Entries shown:
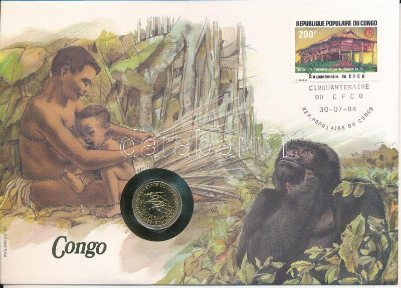 Kongó felbélyegzett borítékban, bélyegzéssel, benne Nyugat Afrikai Államok 1983. 10Fr, német nyelvű leírással T:UNC Congo in envelope with stamp and cancellation, in it West African States 1983. 10 Francs with German language description C:UNC
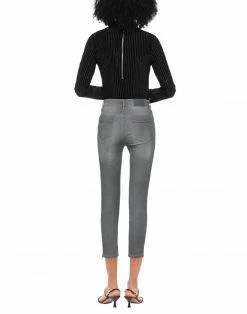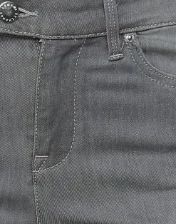 denim, faded, brand logo, mid rise, solid color, slim-leg pants, button closing, zipper closure, five pockets, stretch, colored wash
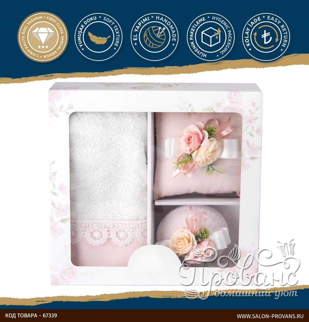 Подарочный набор из полотенца, ароматизированного мыла ручной работы и ароматической декоративной лаванды из коллекции ESTA от турецкого бренда Nazik Home. Сочетание превосходной махровой ткани и изящного декора.
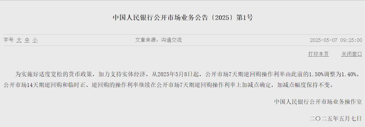 此外,央行今日早间公告,为实施好适度宽松的货币政策,加力支持实体经济,从2025年5月8日起,公开市场7天期逆回购操作利率由此前的1.50%调整为1.40%。公开市场14天期逆回购和临时正、逆回购的操作利率继续在公开市场7天期逆回购操作利率上加减点确定,加减点幅度保持不变。
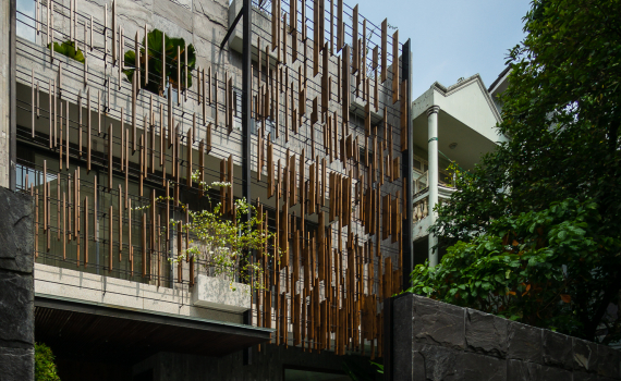 Không chỉ cây xanh, các vật liệu dùng trong công trình cũng gợi nhớ thiên nhiên như gỗ, đá xanh và đá đen.
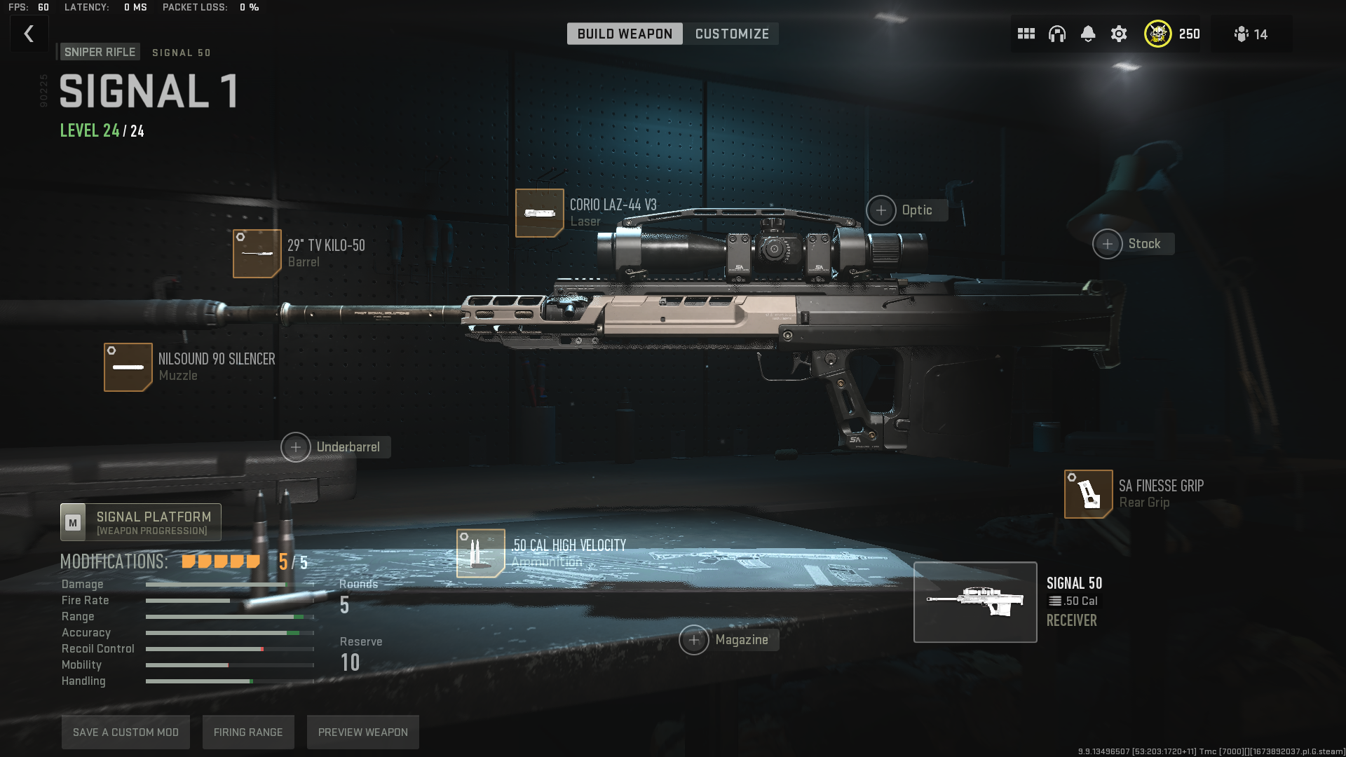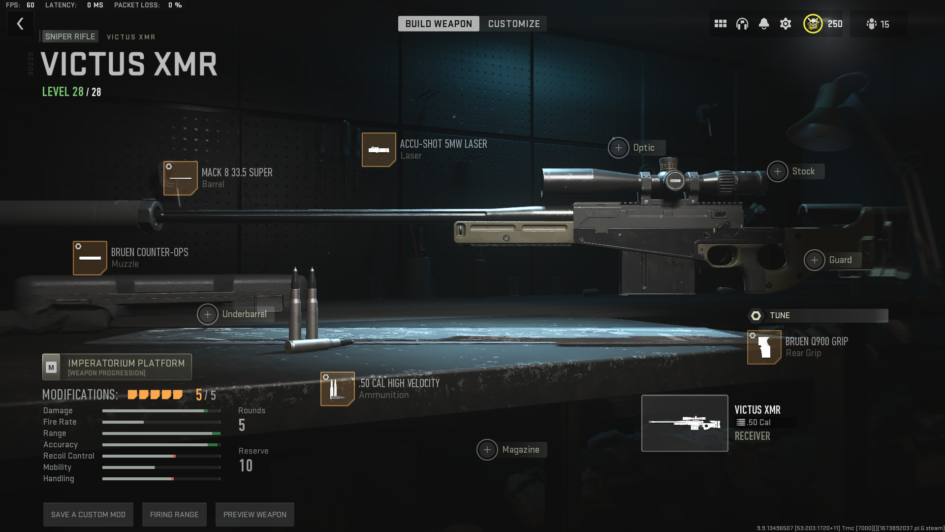 - Ammunition: .50 cal high velocity (Damage range +0.70, Bullet velocity +9.00)

Task item:
Any picture found in the records stays out, while everything else is copied exactly.

Solution for this exercise:
 Kongó felbélyegzett borítékban, bélyegzéssel, benne Nyugat Afrikai Államok 1983. 10Fr, német nyelvű leírással T:UNC Congo in envelope with stamp and cancellation, in it West African States 1983. 10 Francs with German language description C:UNC
 denim, faded, brand logo, mid rise, solid color, slim-leg pants, button closing, zipper closure, five pockets, stretch, colored wash
 Подарочный набор из полотенца, ароматизированного мыла ручной работы и ароматической декоративной лаванды из коллекции ESTA от турецкого бренда Nazik Home. Сочетание превосходной махровой ткани и изящного декора.
 此外,央行今日早间公告,为实施好适度宽松的货币政策,加力支持实体经济,从2025年5月8日起,公开市场7天期逆回购操作利率由此前的1.50%调整为1.40%。公开市场14天期逆回购和临时正、逆回购的操作利率继续在公开市场7天期逆回购操作利率上加减点确定,加减点幅度保持不变。
 Không chỉ cây xanh, các vật liệu dùng trong công trình cũng gợi nhớ thiên nhiên như gỗ, đá xanh và đá đen.
 - Ammunition: .50 cal high velocity (Damage range +0.70, Bullet velocity +9.00)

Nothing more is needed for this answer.